*EXERCISE DIRECTIONS*
Your task is to copy the lines of the data below from the line holding "店内の窓ガラスには、漫画にでてくるお馴染みのシーンが" through the line holding "Το πιο διάσημο", inclusive, exactly and with nothing added.

*INPUT DATA*

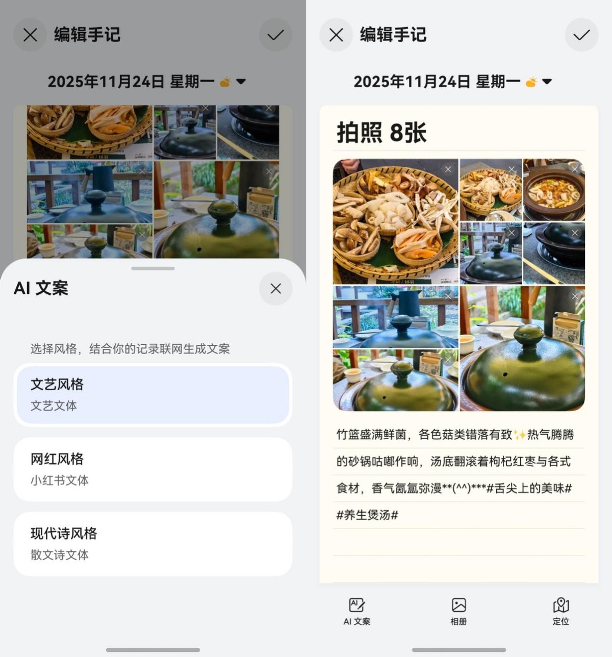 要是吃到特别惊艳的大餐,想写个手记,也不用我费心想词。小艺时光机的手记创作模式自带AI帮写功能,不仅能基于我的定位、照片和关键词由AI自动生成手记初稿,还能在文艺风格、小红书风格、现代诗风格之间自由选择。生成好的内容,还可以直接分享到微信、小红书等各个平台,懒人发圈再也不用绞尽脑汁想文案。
--
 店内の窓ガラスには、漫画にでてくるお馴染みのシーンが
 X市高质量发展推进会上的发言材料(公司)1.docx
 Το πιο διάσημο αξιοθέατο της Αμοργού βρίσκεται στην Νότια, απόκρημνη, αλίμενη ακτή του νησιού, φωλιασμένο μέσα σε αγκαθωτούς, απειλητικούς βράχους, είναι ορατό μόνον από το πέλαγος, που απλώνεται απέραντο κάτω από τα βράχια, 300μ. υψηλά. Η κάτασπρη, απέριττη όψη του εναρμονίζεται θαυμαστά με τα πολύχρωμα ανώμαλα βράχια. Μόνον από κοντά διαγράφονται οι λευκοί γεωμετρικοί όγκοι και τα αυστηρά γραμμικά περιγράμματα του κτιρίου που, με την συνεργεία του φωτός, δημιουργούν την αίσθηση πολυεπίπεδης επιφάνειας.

*ANSWER SECTION*
 店内の窓ガラスには、漫画にでてくるお馴染みのシーンが
 X市高质量发展推进会上的发言材料(公司)1.docx
 Το πιο διάσημο αξιοθέατο της Αμοργού βρίσκεται στην Νότια, απόκρημνη, αλίμενη ακτή του νησιού, φωλιασμένο μέσα σε αγκαθωτούς, απειλητικούς βράχους, είναι ορατό μόνον από το πέλαγος, που απλώνεται απέραντο κάτω από τα βράχια, 300μ. υψηλά. Η κάτασπρη, απέριττη όψη του εναρμονίζεται θαυμαστά με τα πολύχρωμα ανώμαλα βράχια. Μόνον από κοντά διαγράφονται οι λευκοί γεωμετρικοί όγκοι και τα αυστηρά γραμμικά περιγράμματα του κτιρίου που, με την συνεργεία του φωτός, δημιουργούν την αίσθηση πολυεπίπεδης επιφάνειας.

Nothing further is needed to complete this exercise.